Функционирует при финансовой поддержке Министерства цифрового развития, связи и массовых коммуникаций Российской Федерации

Что за окном?

Страничка главного редактора

 

В редакцию заглянул мой знакомый, житель далекой российской провинции, давно не бывавший в Москве. Из наших.

Появился он весь этакий взъерошенный, с очумелостью во взоре. Рукопожатия и приветственные слова (сто лет не виделись!) не избавили его лицо от странной гримасы не то испуга, не то брезгливости. То и дело таращился на окно, подошел, наконец, ткнул пальцем куда-то в середину Арбата и почти прошептал: «Слушай! Это что же такое творится! Лучшую улицу Москвы во что превратили?! Сволочи! Ужас! Позор! Как ты можешь тут...» Посмотрел на меня как на больного и несчастного, обреченного на муки.

В течение всего последующего весьма продолжительного разговора интонации искреннего сочувствия нет-нет да и прорывались в его голосе, и я даже начал слегка раздражаться...

Другой раз пришел в редакцию один постоянный автор журнала, человек тонкого художественного вкуса. Тоже, конечно, из наших. «Скажите, — спросил он с присущей ему деликатностью, — нет ли возможности попадать к вам как-нибудь с черного входа, чтобы миновать это безобразие?» — И кивок в окно.

По меньшей мере восемь из десяти приходящих в редакцию наших авторов, друзей журнала или друзей сотрудников, непременно оставляют нам свои мнения о состоянии дей­ствительно когда-то лучшей улицы Москвы — Старого Арбата. Мнения эти однозначны: позор, безобразие, варварство; чуть ниже уровнем — базар, барахолка, вертеп, бардак...

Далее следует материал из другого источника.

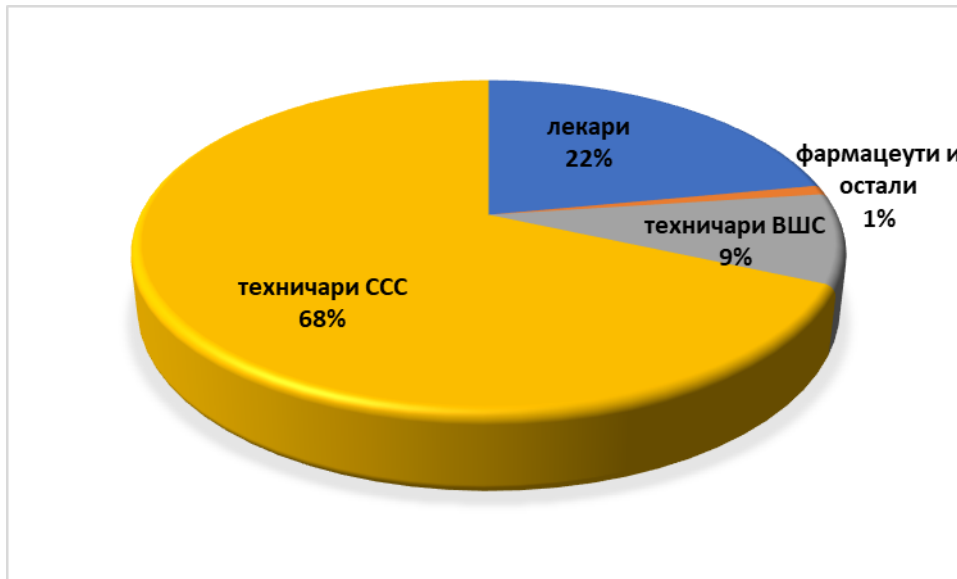
Графикон 1. Приказ здравствених радника и здравствених сарадника ОБ Зајечар 2022.године у односу на ниво стручне спреме

Почти каждый день я стараюсь найти возможность полчаса погулять по Арбату, если можно назвать прогулкой протискивание сквозь продавцов, покупателей, лавирование между лотками и киосками и шараханье от демонстрирующих свои вокальные и музыкальные способности. Я подолгу стою напротив какого-нибудь лотка с матрешками, орденами, знаменами, армейской атрибутикой, ненавязчиво вглядываясь в лица продавцов. Редко двое, чаще трое, а то и четверо за каждым лотком. Здоровые, красивые парни... Красивые — это субъективно, но здоровые — без сомнения, ведь им приходится торчать на ногах по меньшей мере десять часов в день. А нынче зима, на Арбате или сыро и промозгло, или ветрено и холодно. Топчутся и разогреваются коллективно, гоняя ногами на узком пространстве пустую банку из-под импортного пива, или толкаются молодецкими плечами, или приплясывают и делают все это, нужно отдать им должное, ничуть не препят­ствуя передвижению потенциальных покупателей. Чаще всего они доброжелательны и невообразимо терпеливы в своем добровольном и, надо полагать, выгодном труде. Они счастливы, они полны надежд...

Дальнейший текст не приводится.